**INFORMATION PROVIDED**
%%

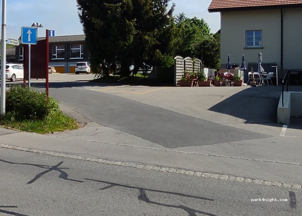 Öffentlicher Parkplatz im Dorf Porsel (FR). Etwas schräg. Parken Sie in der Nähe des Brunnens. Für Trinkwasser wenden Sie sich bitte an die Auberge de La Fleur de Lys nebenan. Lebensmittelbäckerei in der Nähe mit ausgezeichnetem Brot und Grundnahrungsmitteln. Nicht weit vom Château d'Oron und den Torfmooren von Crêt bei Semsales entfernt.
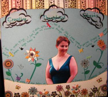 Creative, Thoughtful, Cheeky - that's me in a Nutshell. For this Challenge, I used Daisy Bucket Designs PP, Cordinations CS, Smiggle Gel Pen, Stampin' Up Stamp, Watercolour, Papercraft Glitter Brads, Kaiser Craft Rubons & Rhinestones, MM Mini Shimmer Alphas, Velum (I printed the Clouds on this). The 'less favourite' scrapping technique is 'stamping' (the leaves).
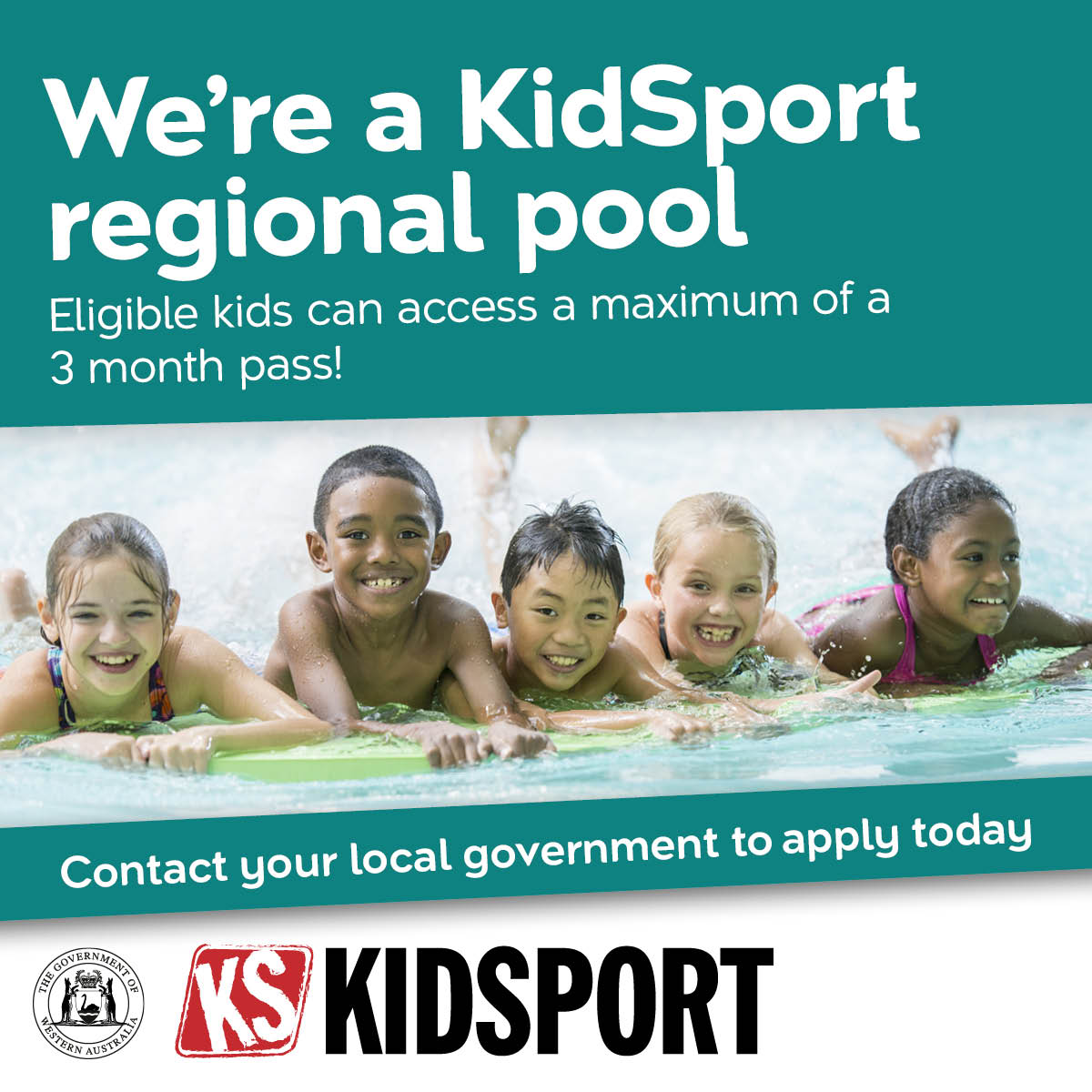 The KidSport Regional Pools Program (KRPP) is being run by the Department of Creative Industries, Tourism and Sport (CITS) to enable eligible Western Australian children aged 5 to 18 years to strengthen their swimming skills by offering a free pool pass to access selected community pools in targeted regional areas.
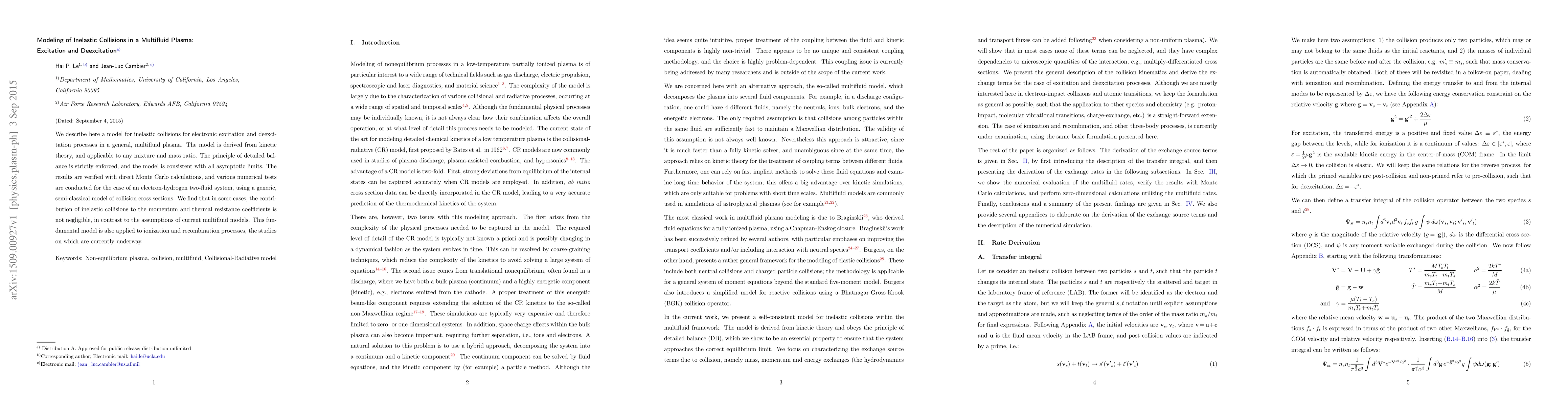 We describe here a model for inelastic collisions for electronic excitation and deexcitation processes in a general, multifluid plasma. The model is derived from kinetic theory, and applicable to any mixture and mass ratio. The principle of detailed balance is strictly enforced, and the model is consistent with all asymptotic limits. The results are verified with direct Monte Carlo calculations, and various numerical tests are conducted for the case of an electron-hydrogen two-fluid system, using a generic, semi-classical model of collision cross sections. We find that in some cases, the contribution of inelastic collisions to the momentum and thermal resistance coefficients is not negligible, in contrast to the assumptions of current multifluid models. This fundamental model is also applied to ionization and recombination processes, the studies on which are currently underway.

%%

**TASK TO CARRY OUT**
Find the line containing "Creative, Thoughtful, Cheeky" in the listing above. Please restate word for word that line through the last one, leaving out the pictures.

**SOLUTION TO THIS EXERCISE**
 Creative, Thoughtful, Cheeky - that's me in a Nutshell. For this Challenge, I used Daisy Bucket Designs PP, Cordinations CS, Smiggle Gel Pen, Stampin' Up Stamp, Watercolour, Papercraft Glitter Brads, Kaiser Craft Rubons & Rhinestones, MM Mini Shimmer Alphas, Velum (I printed the Clouds on this). The 'less favourite' scrapping technique is 'stamping' (the leaves).
 The KidSport Regional Pools Program (KRPP) is being run by the Department of Creative Industries, Tourism and Sport (CITS) to enable eligible Western Australian children aged 5 to 18 years to strengthen their swimming skills by offering a free pool pass to access selected community pools in targeted regional areas.
 We describe here a model for inelastic collisions for electronic excitation and deexcitation processes in a general, multifluid plasma. The model is derived from kinetic theory, and applicable to any mixture and mass ratio. The principle of detailed balance is strictly enforced, and the model is consistent with all asymptotic limits. The results are verified with direct Monte Carlo calculations, and various numerical tests are conducted for the case of an electron-hydrogen two-fluid system, using a generic, semi-classical model of collision cross sections. We find that in some cases, the contribution of inelastic collisions to the momentum and thermal resistance coefficients is not negligible, in contrast to the assumptions of current multifluid models. This fundamental model is also applied to ionization and recombination processes, the studies on which are currently underway.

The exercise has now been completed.